Metagenome assembly algorithms are generally designed to deal better with interspecies repeats, highly non-uniform read coverages and overall lower coverage per genome compared to a typical sequencing project of a pure isolate. Yet, to our knowledge, there are currently no well-established long-read metagenome assemblers available or they are still in an experimental state (e.g., Flye-meta). Thus, we used the Flye de novo assembly algorithm [47], which was initially developed for individual repeat rich genomes, yet, achieved the best assemblies of our metagenomic samples (data not shown). Further, it was crucial to extensively polish genome assemblies in order to achieve a sufficiently high assembly quality [33] (Additional file 1: Figure S8, Additional file 2). We found that very long reads (ONT) were necessary to resolve long-range misassemblies. However, the lower quality of ONT reads required polishing with PacBio and in particular Illumina data. Moreover, great care needs to be taken when contigs are polished individually, since this can lead to the erroneous removal of true, natural sequence diversity due to cross mapping of reads in repeat regions (e.g., repeated sequences such as 16S rRNA operons, insertion sequences/transposases). Furthermore, we still observed a high number of pseudogenes in the finished MAGs. This, however, is characteristic for Lactobacillales, which live in a nutrient-rich environment such as milk and therefore frequently experience gene loss and gradual genome decay [48]. Overall, further improvements of the sequencing technologies (PacBio/ONT), the application of long-range information technologies (e.g., 10x genomics, Hi-C, synthetic long reads) combined with the development of new algorithms could greatly simplify the currently extensive assembly and polishing workflow.
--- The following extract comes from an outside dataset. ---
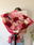 Este hermoso y romántico ramo está compuesto por rosas importadas color rojo y flores de estación en tonos rosa.

The identification of taxa in an assembled metagenome and the estimation of their abundance is often the first step of a microbial community analysis. Many taxon profilers exist for Illumina shotgun metagenomics data [49]. However, due to the intrinsic differences in quality and read length, these methods are not transferable to long reads. Only a few very recently developed taxon profilers can cope with long reads, such as MEGAN-LR [50] and MetaMaps [37]. We individually assessed taxa abundance based on WMGS PacBio (MetaMaps) and Illumina (Metaphlan2) data, as well as a targeted amplicon approach using the v4 region of the 16S rRNA. The abundance values of the strains based on the PacBio based MetaMaps approach were not entirely in par with the findings derived from the 16S rRNA amplicon and Illumina based Metaphlan2 approach (Fig. 3, Additional file 1: Table S6). Almost 10% of the PacBio reads in each sample could not be assigned to taxa (Additional file 1: Table S6). This could be due to sequencing errors in low quality sequences, and thus, no matches in the reference database. To a certain extent, the differences could also be caused by abundance biases introduced in the PacBio library preparation process, either by unequal shearing of genomic DNA by the Megaruptor device, or during the enrichment for long fragments. The original abundance ratios are thus likely best reflected in the Illumina data, in particular since more than 99% of the reads could be mapped to the finished MAGs, plasmids and phage genomes.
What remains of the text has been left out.